Here are some other simple ways to practice gratitude.

2. Write in a Journal

Journaling affects your overall mental health, which also affects physical health and aids in the management of stress, depression, anxiety, and more[2].

All you need is a pen and paper, or you could do an online, password-protected journal such as Penzu. The key is to get started and not pressure yourself on how polished or perfect it is. You don’t need to have prior experience to start journal writing. Just start.

Write out everything that is bothering you for 15 minutes. This helps with rumination, processing problems, and can even aid with brainstorming solutions.

However you approach it, you can find patterns of thinking that no longer serve you and start to transform your overall mental state. This will impact all areas of your life and is a great coping skill.

3. Meditate

Meditation can help you overcome negative thought patterns, worrying about the future, dwelling on the past, or struggling to overcome a bad day[3]. It shifts your mentality and helps you focus on the present or any one thing you truly want to focus on.

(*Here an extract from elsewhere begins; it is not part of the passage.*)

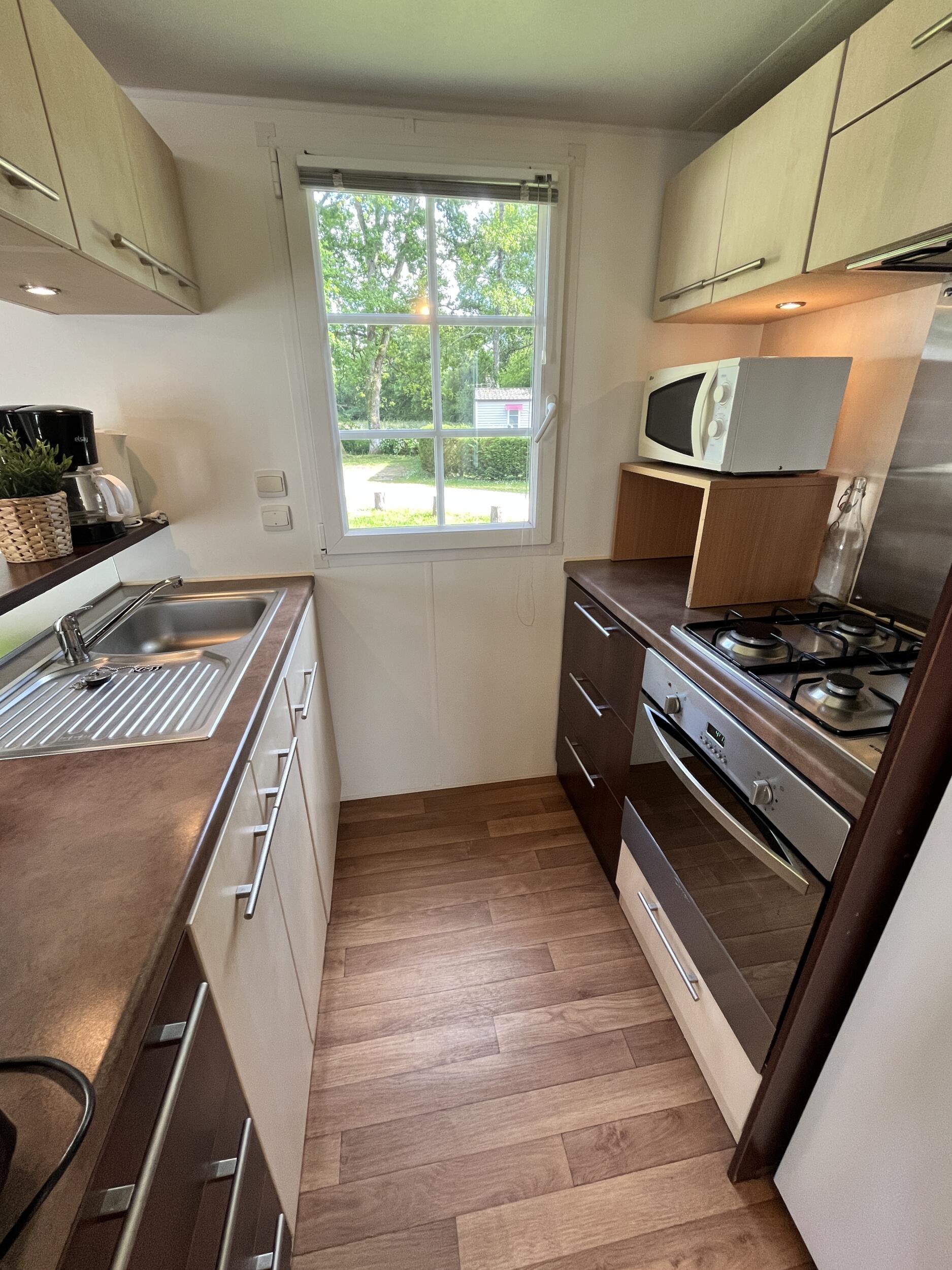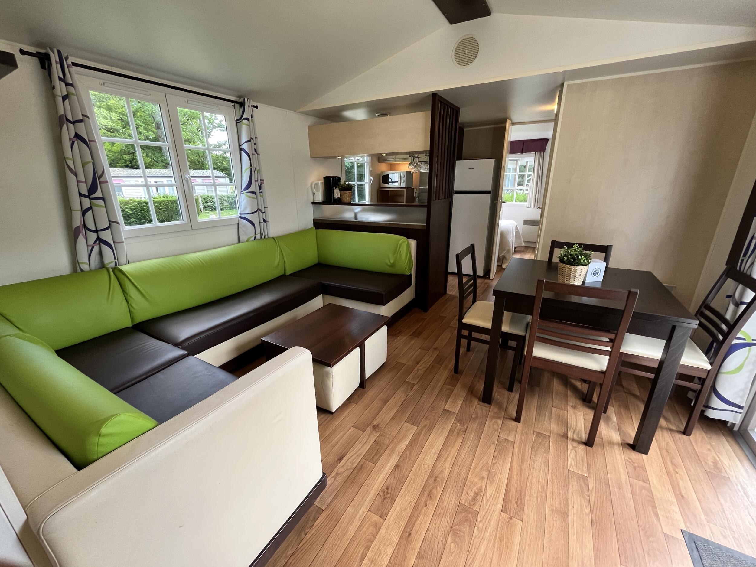 À l’intérieur, vous découvrirez un espace lumineux où les matériaux chaleureux créent une ambiance douce et accueillante. La pièce de vie réunit une cuisine équipée ouverte sur un salon convivial, une salle de douche fonctionnelle, ainsi que des espaces nuit pensés pour garantir un repos de qualité après vos activités.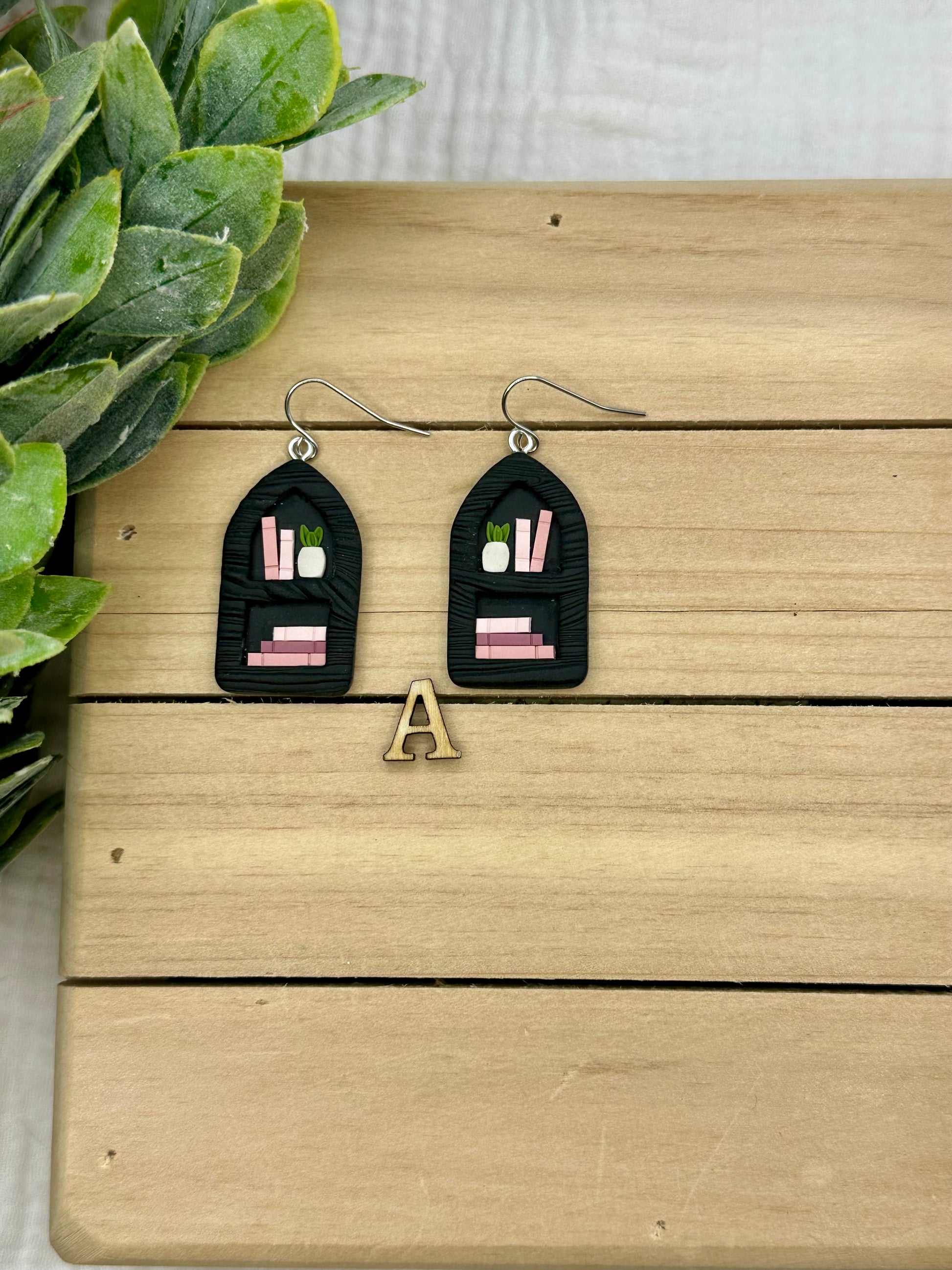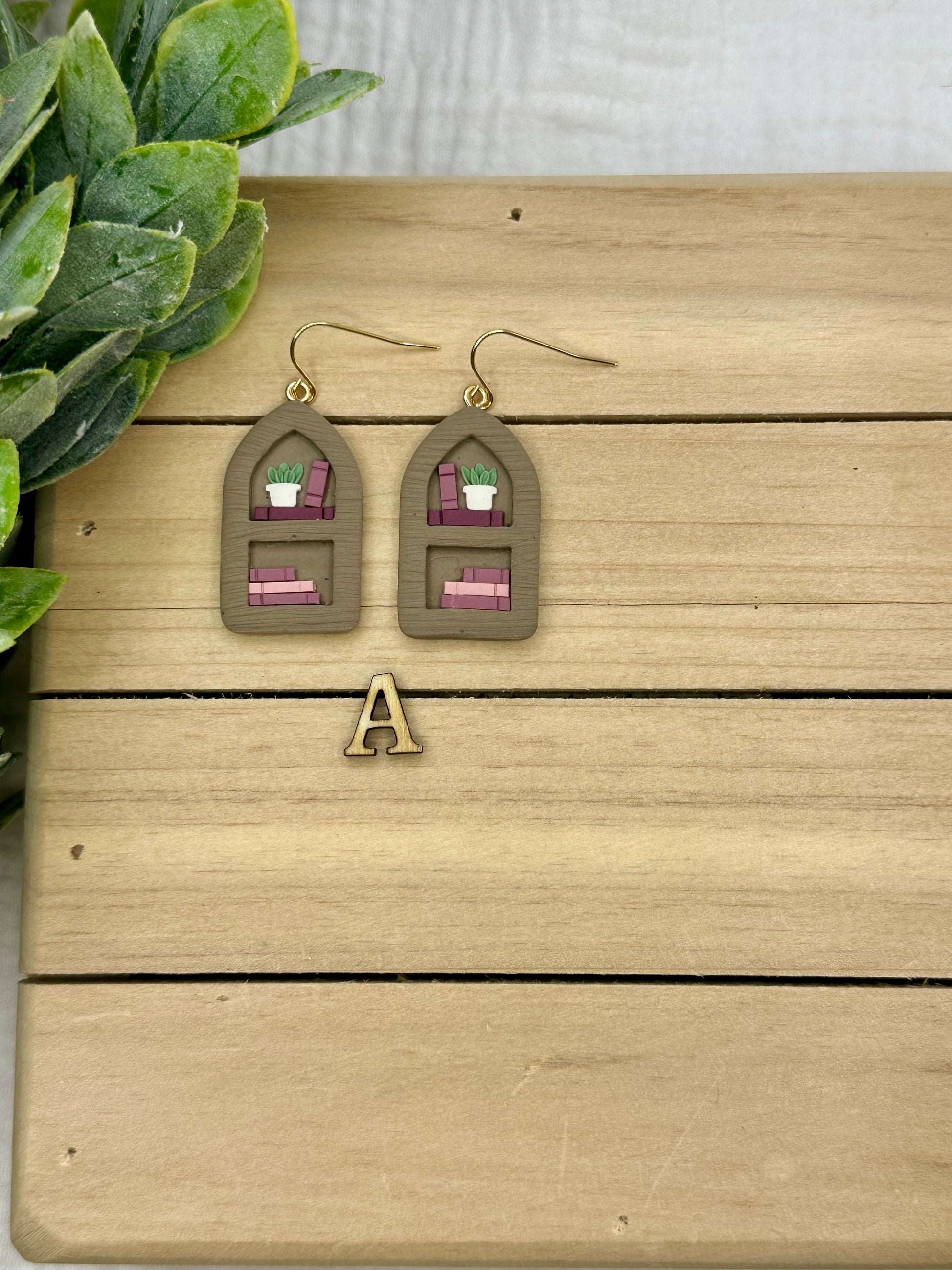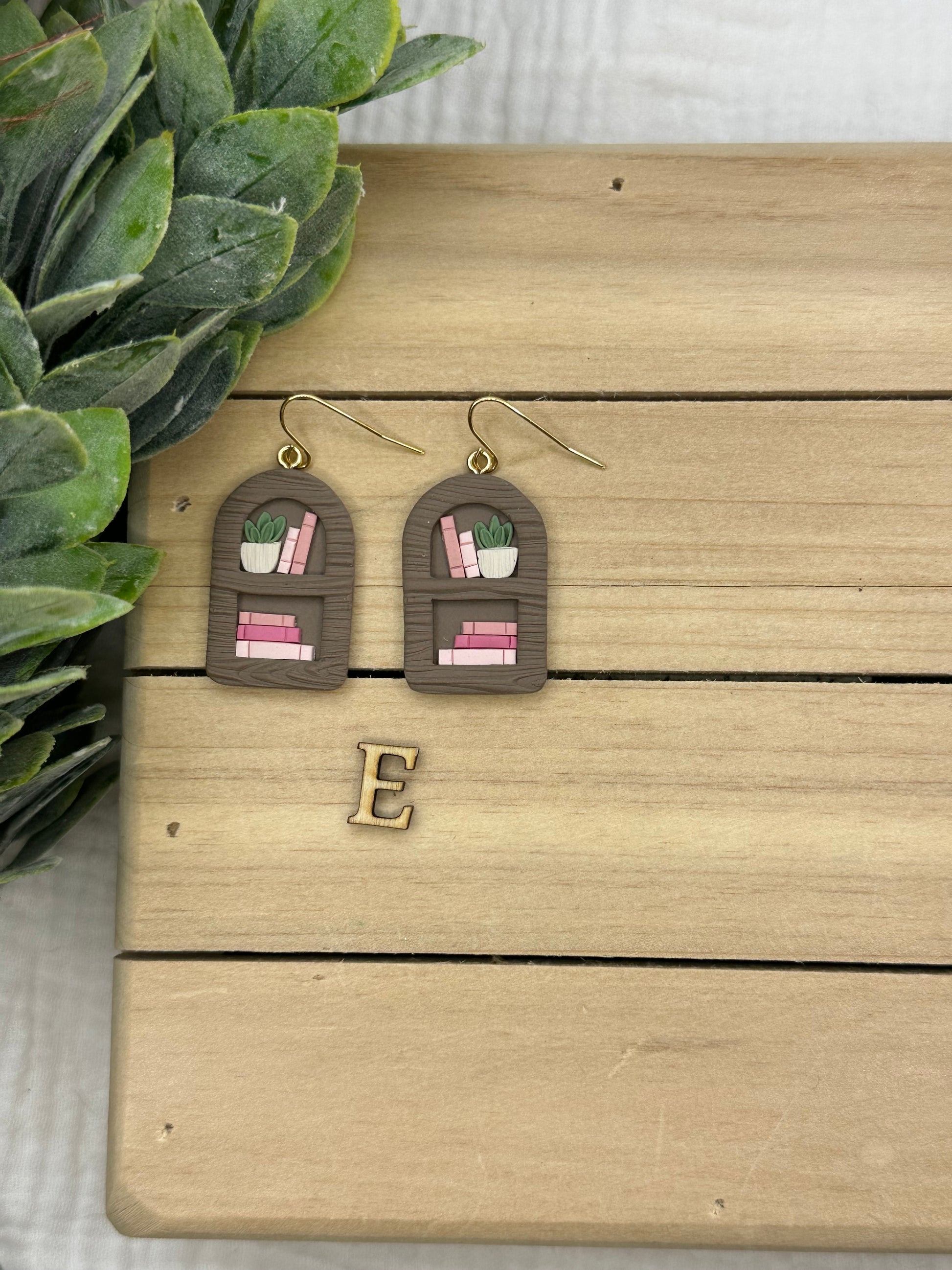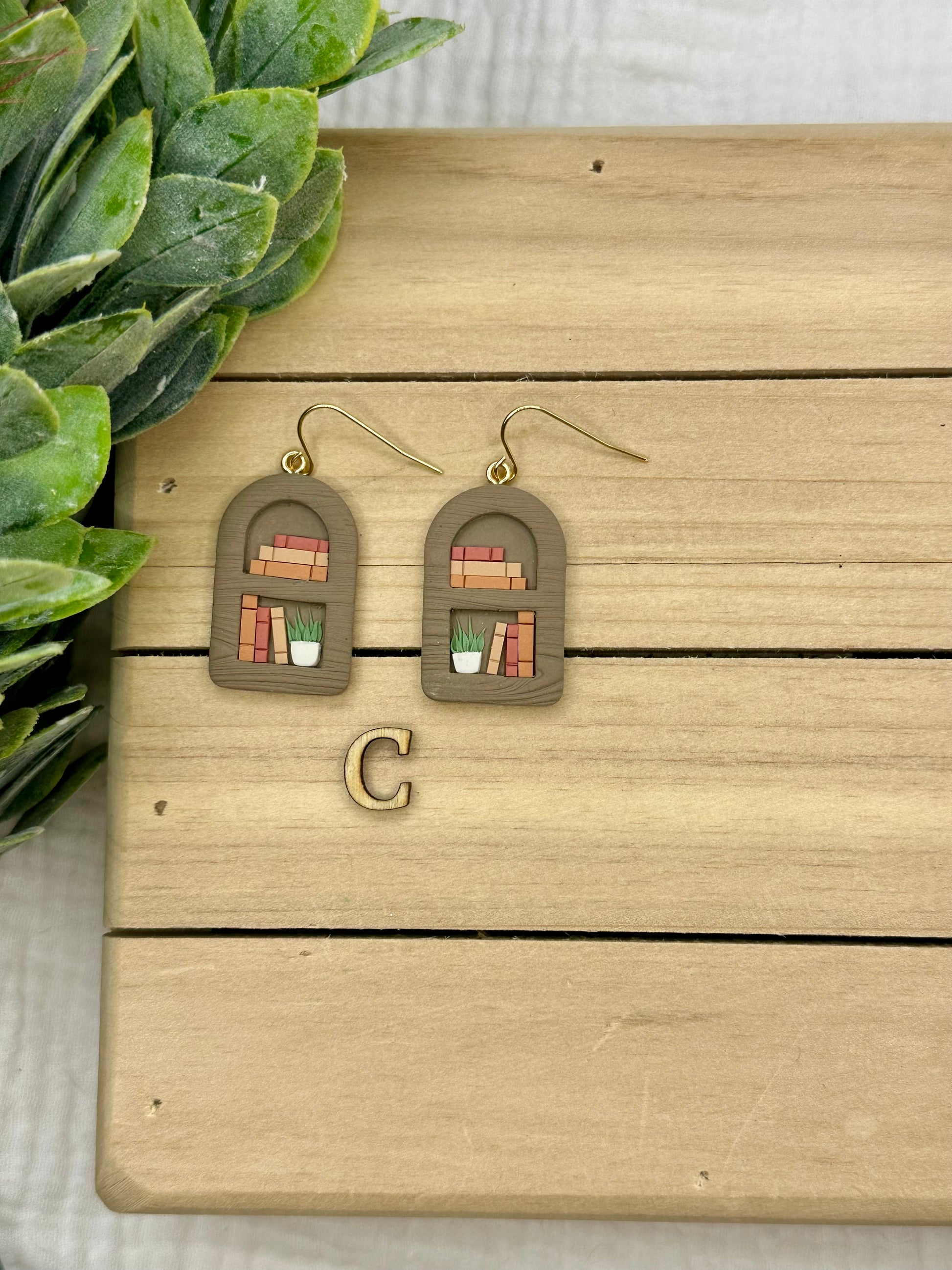Handmade polymer clay earrings. All on hypoallergenic surgical grade steel findings. Bookshelf earrings are handcrafted and either on surgical steel hooks or gold coated surgical steel hooks

Here is an example of a meditation you can do:

Get into a comfortable position. Close your eyes. Rest your body, release tension, and unclench your jaw. Tighten and release each muscle group in a body scan for progressive muscle relaxation.

Focus on your breath, taking a few deep breaths. Let your belly expand when you breathe in for diaphragmatic breathing. Empty yourself completely of air, then return to normal breathing.

Next, focus on the idea of self-love and let it erase negative thoughts. Think about the ways you’ve been judging yourself, with the narratives coming up that your mind may create.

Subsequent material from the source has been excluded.